Zomato Investors Write To SEBI, Unhappy With Late Blinkit Disclosure

Zomato, a food delivery company, has acquired Blinkit, a struggling 10-minute grocery delivery startup, for $568.1 million in an all-stock deal as it seeks to diversify its services at a time when its shares are trading for much less than their launch price and less than half of their all-time highs.

The Gurgaon-based company said that its shareholders had accepted the acquisition of Blinkit. The transaction represents a huge value erosion for Blinkit, which raised around $700 million, primarily in the form of equity and became a unicorn a year ago. The two companies valued the purchase at between $700 million and $750 million when they first decided to pursue an acquisition earlier this year.

Blinkit is relieved by the acquisition after struggling for several quarters to attract money from both new and the majority of its existing investors.

The SoftBank-funded business, known initially as Grofers, changed its focus to same-day grocery delivery last year.
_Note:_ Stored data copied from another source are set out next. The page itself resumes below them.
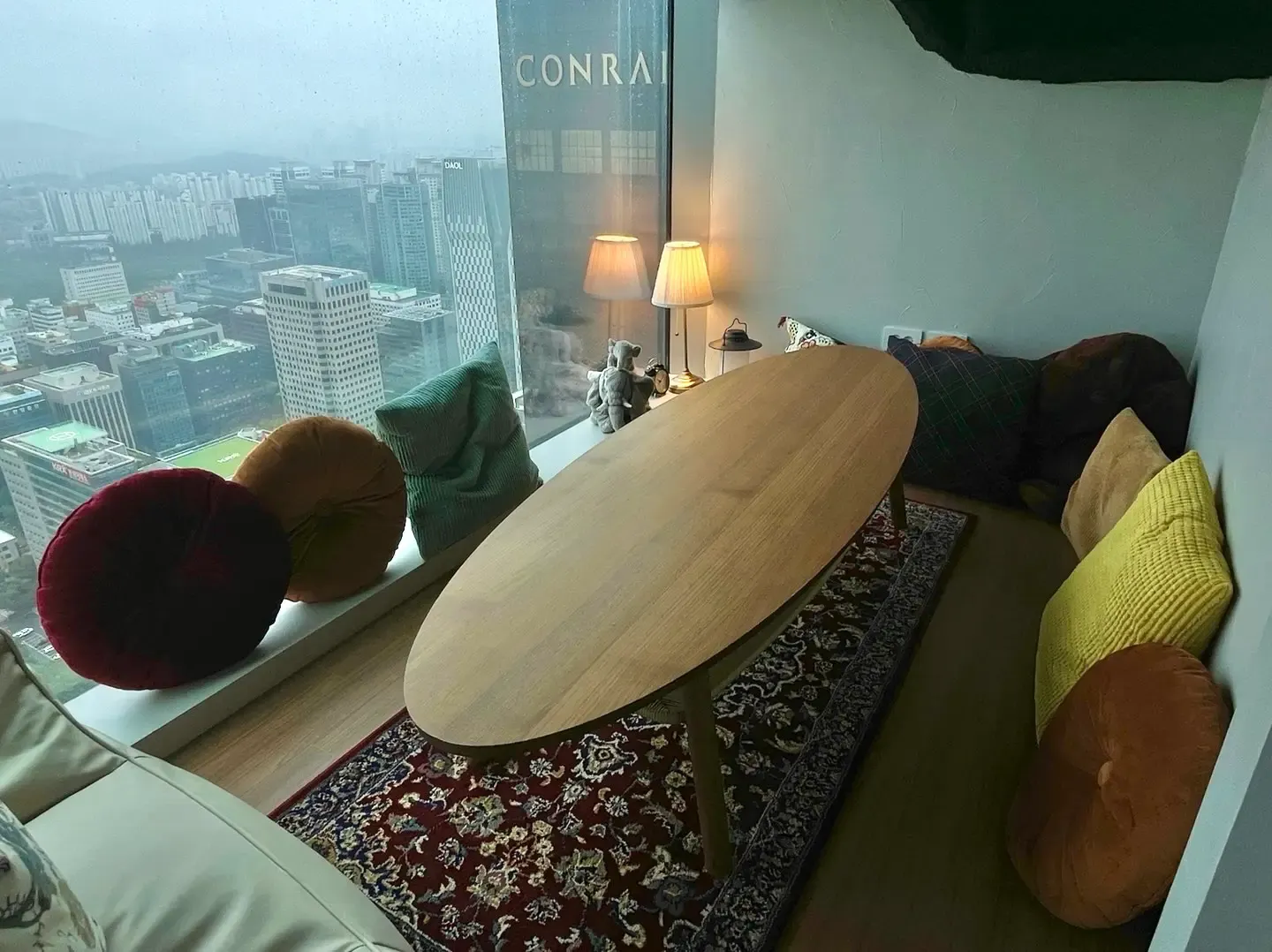 라운지를 자주 찾다 보니 저만의 라운지 루틴도 생겼어요. 먼저 푹신한 소파에 앉아 몸의 긴장을 풀어낸 다음, 창밖에 펼쳐져 있는 파란 하늘과 넓디넓은 한강을 바라봅니다. 한참 ‘한강멍’을 때리다가 풀어야 할 문제를 생각하면요. 분명 방금 전까지 어려워서 머리를 싸매고 있던 일들이 술술 풀릴 것만 같다는 자신감이 샘솟아요. 정말 신기한 일이죠? 이래서 제가 라운지를 찾을 수밖에 없다니까요.
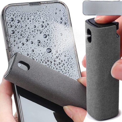 Niezwykle przydatny gadżet który doskonale usuwa brudne plamy z powierzchni ekranu. Wyposażony w dozownik ze sprayem oraz specjalną powierzchnię czyszczącą. Możliwość ponownego napełnienia płynem przedłuża jego żywotność.
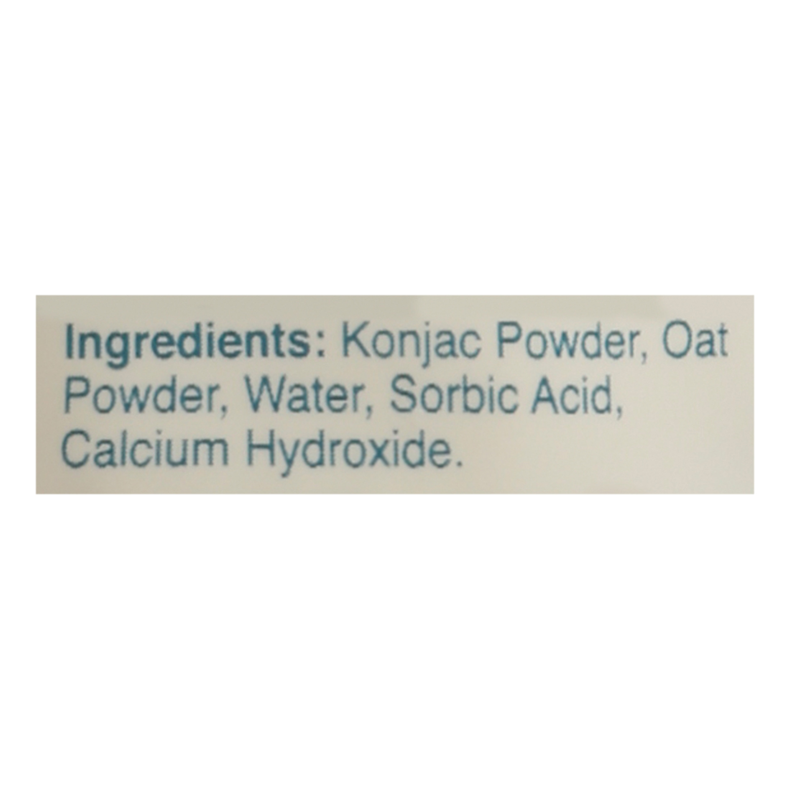 Konjac powder, oat powder, water, sorbic acid, calcium hydroxide

This year, Blinkit reduced the number of its dark storefronts, scaled back operations in many locations, and committed to intensifying its focus on 10-minute food deliveries. According to the firm, it would cease operations in such cities if its deliveries cannot reach the customers within 10 minutes.

Zomato will find a partner in Blinkit that can support its push in rapid grocery delivery or even just groceries, two markets it has previously tried to break into but was unable to do so.

Since the last year, “quick commerce” has been our stated strategic focus. Customers have found major value in receiving groceries and other necessities quickly delivered, which has led to this industry’s rapid growth both in India and beyond. Zomato has the potential to succeed in the long run since this business works well with our leading food business, according to Zomato CEO Deepinder Goyal.

Blinkit competes with the more recent and well-funded company Instamart of Swiggy, which counts SoftBank among its investors, and the Zepto-backed by YC Continuity. Zomato, which is far older than all the other companies described above, competes with Swiggy, which is valued more than twice as much as Zomato in the private market.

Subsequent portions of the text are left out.